If you ask “gpt-4” or “gpt-4-1106-preview” models to recite the famous “Blue Dot” quote by Carl Sagan, it fails to do so. Instead, the model almost always cuts it on one particular place:

“everyone you love, everyone you know, everyone you’ve”

This happens almost always. Looks like some kind of a repetition detector is being too stringent.

Steps to reproduce

Run the code below.

The expected result: the code prints the full quote, ending it with the word “civilization”.

The observed result: it ends in a middle of the quote, with “everyone you’ve”.

import os
from openai import OpenAI

client = OpenAI(api_key=os.environ["OPENAI_API_KEY"])

def format_text(raw_text):
    text_for_gpt = f"Please format this text: {raw_text}"

    completion = client.chat.completions.create(
        model="gpt-4-1106-preview", 
        messages=[
            {"role": "system", "content": "You are a helpful assistent."},
            {"role": "user", "content": text_for_gpt},
        ],
    )
    return str(completion.choices[0].message.content)


blue_dot_text = """
    Carl Sagan said: Look again at that dot.

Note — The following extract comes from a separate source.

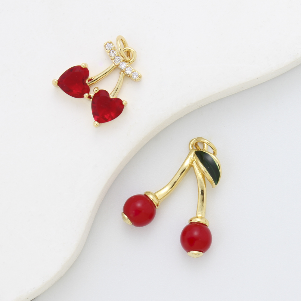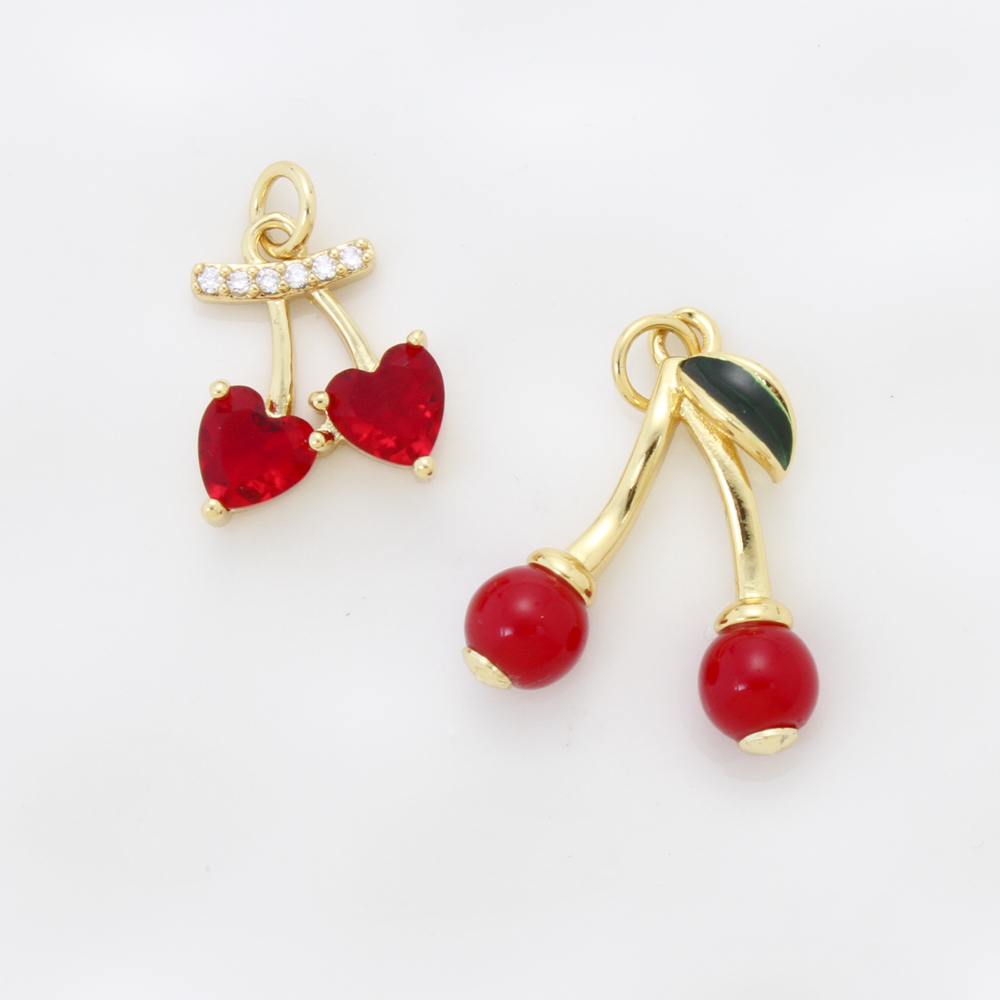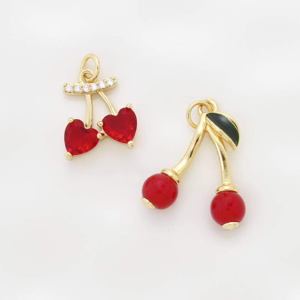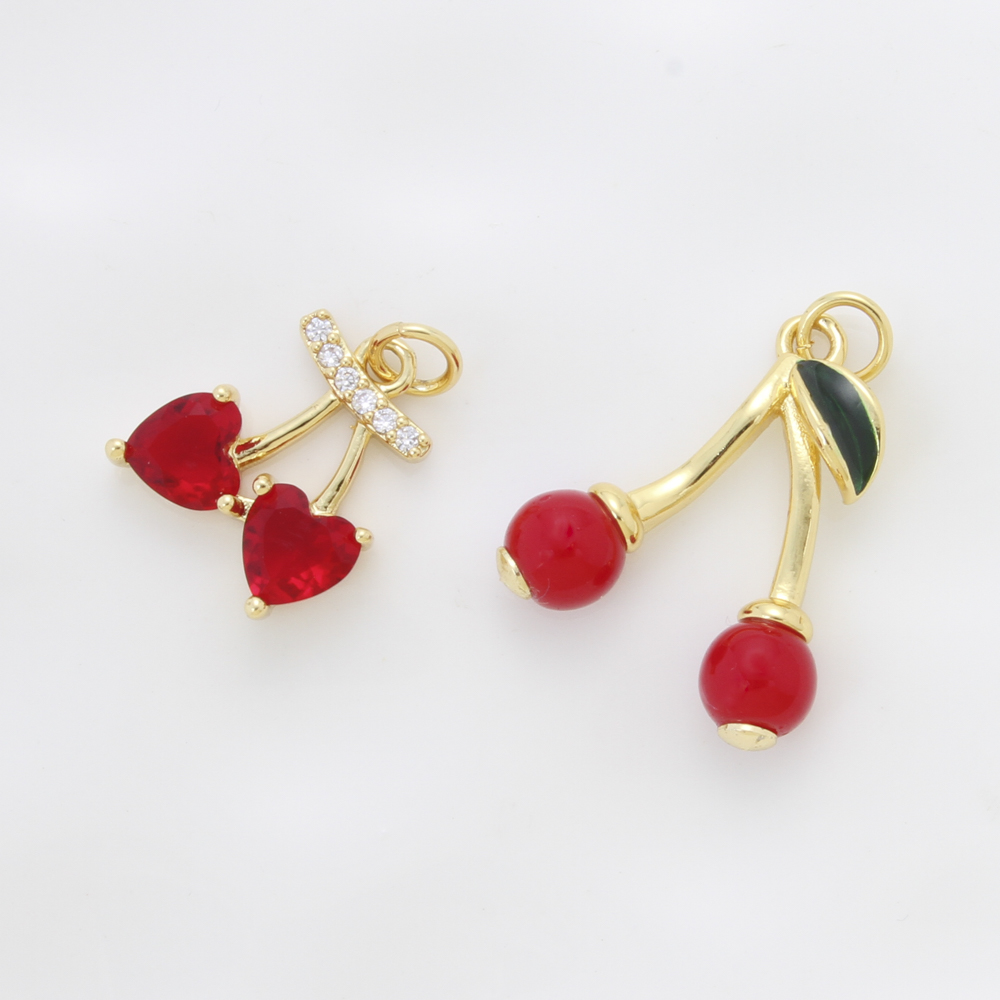 Bijoux pendentifs en laiton, cerise, Placage, DIY & pavé de micro zircon & émail, plus de couleurs à choisir, protéger l'environnement, sans nickel, plomb et cadmium, 21.30x17.80x6mm, Vendu par PC

    That's here, that's home, that's us.

    On it, everyone you love, everyone you know,

    everyone you've ever heard of,

    every human being who ever was

    lived out their lives.

    the aggregate of our joy and suffering,

    thousands of confident religions,

    ideologies and economic doctrines,

    every hunter and forager, every hero

    and coward, every creator and destroyer of civilization
    """

result = format_text(blue_dot_text)
print(result)

Sample erroneous output:

BTW, it’s not only the API. The GPT4 in the default web interface stops on roughly the same spot, and complains about policy violations.

1 Like

You’re trying to get the model to reproduce content which is protected by copyright.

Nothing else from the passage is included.